Posted: 30 Jul 2008 ?? ?Print Version ?Bookmark and Share

Keywords:consumer computing? processor battle? CPU?

The Internet doesn't play favorites. In principle, consumer computing devices can use any processor powerful enough to run a full-featured browser. In practice, however, two contenders stand head and shoulders above the rest: ARM, the champion of handsets, and Intel, king of the PC.

The clash between these titans will be a battle of epic proportions. Here's how these competitors stack up, and how the battle is likely to play out. But first, a word about the markets these chips are fighting for.

Consumer computing devices can take on a variety of forms, but most will resemble today's laptops and mobile handsets. There is considerable debate as to what to call these two classes of devices. The term mobile Internet device is usually used to describe handset-like devices, but OEMs such as Dell use the same term to refer to laptop-like devices. To complicate matters, Qualcomm uses completely different terms: personal computing device for handset-like machines and mobile computing device for laptop-like machines. To avoid the confusion, we'll use the more descriptive terms handset-like devices and laptop-like devices.

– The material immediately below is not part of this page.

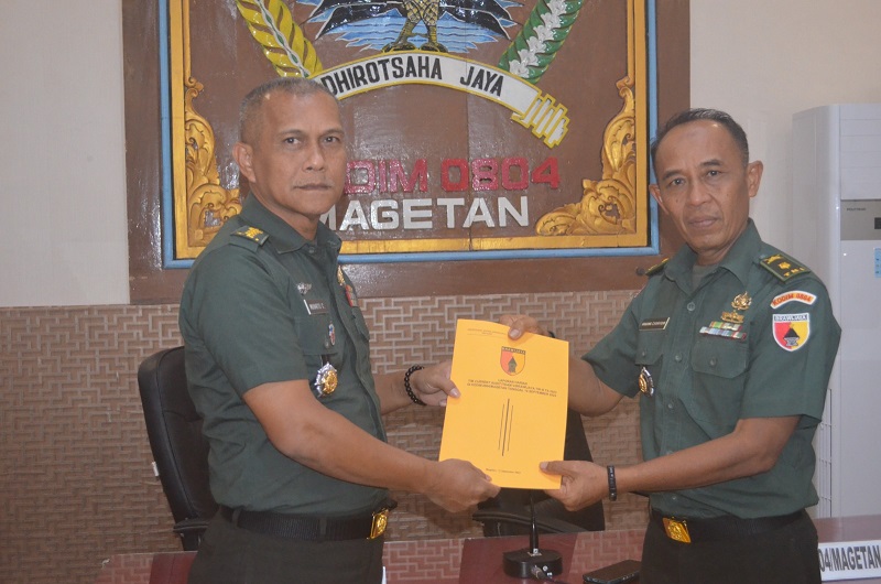 Dandim 0804/Magetan Letkol Inf Dani Indrajaya, S.I.P., menyampaikan selamat datang kepada Tim Current Audit Itdam V/Brawijaya atas kunjungannya di Kodim 0804/Magetan.

Intel's current offering, the Atom Centrino, exclusively targets laptop-like devices. This chipset consists of an Atom Z500 CPU and a separate system controller hub that provides I/O as well as accelerators for high-definition video and 3D graphics. The Atom Centrino platform also calls for a wireless radio (Wi-Fi, 3G or WiMAX), but the baseband chip is not included as part of the Atom package; system designers have to choose that part for themselves.

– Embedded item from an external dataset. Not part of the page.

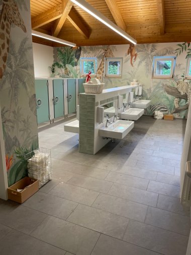 Zehn neue Kinder-WCs wurden eingebaut, drei für kleinere Kinder, dazu Waschbecken in drei verschiedenen Höhen und eine Dusche. Natürlich genießt jedes Kind Privatsphäre in einer eigenen Kabine. Auch die Fliesen wurden erneuert und die Wände in freundlichen Farben gestrichen. Jetzt strahlen die Sanitärräume mit den kleinen und größeren Besuchern um die Wette.

The ARM side of the battle is being fought by several ARM licensees, most notably Nvidia, Texas Instruments and Qualcomm. All three target handset-like devices. Qualcomm additionally targets laptop-like devices and poses the most direct competition to Intel. Qualcomm's SnapDragon also comes closest to matching Atom's performance. Unlike Atom, however, SnapDragon includes a wireless baseband processora major difference, particularly considering that SnapDragon is a single-chip solution.

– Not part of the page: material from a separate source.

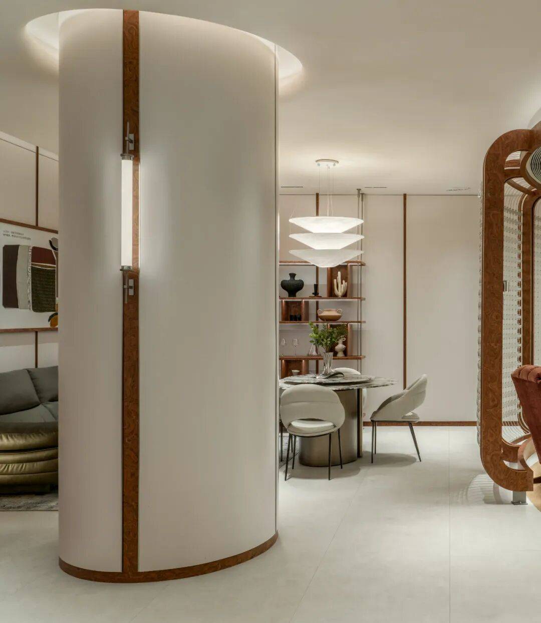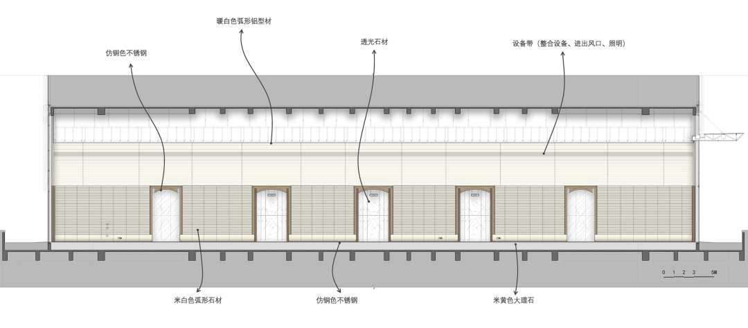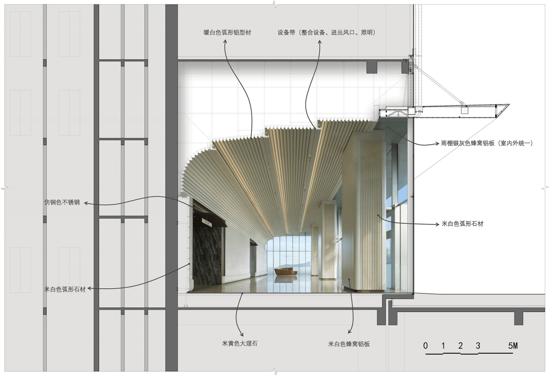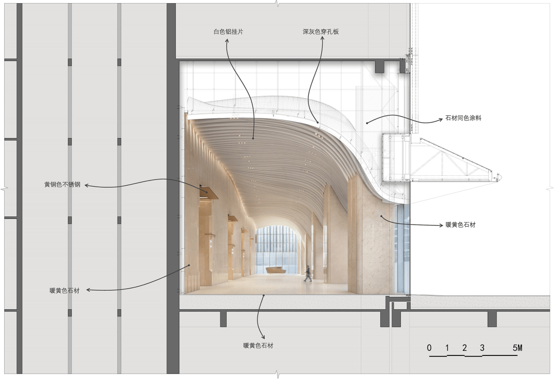 石材的弧形墙面与弧形的吊顶构件形成节奏的变化。

TI is notable mainly for its low power and high level of acceptance: The Omap 3 platform has more than 40 design wins. Nvidia's Tegra, meanwhile, focuses on graphics performance. Both chips are noteworthy for their extremely small packages.

For now, Intel has the advantage in performance, while the ARM chips win on size and integration. The big unanswered questions are how these competitors stack up on power and cost. Power comparisons are difficult because each vendor reports power numbers under different conditions. However, my back-of-the napkin calculations suggest Intel and ARM are much closer than ARM would like you to believe. The cost comparison is more of a mystery because the ARM licensees do not publish pricing.

Wherever things stand now, they are sure to change quickly. Intel's Moorestown, a next-generation Atom expected in late 2009, will integrate the CPU and GPU on a single chip, allowing Intel to compete for handset-like devices. And don't expect ARM and its licensees to stand still.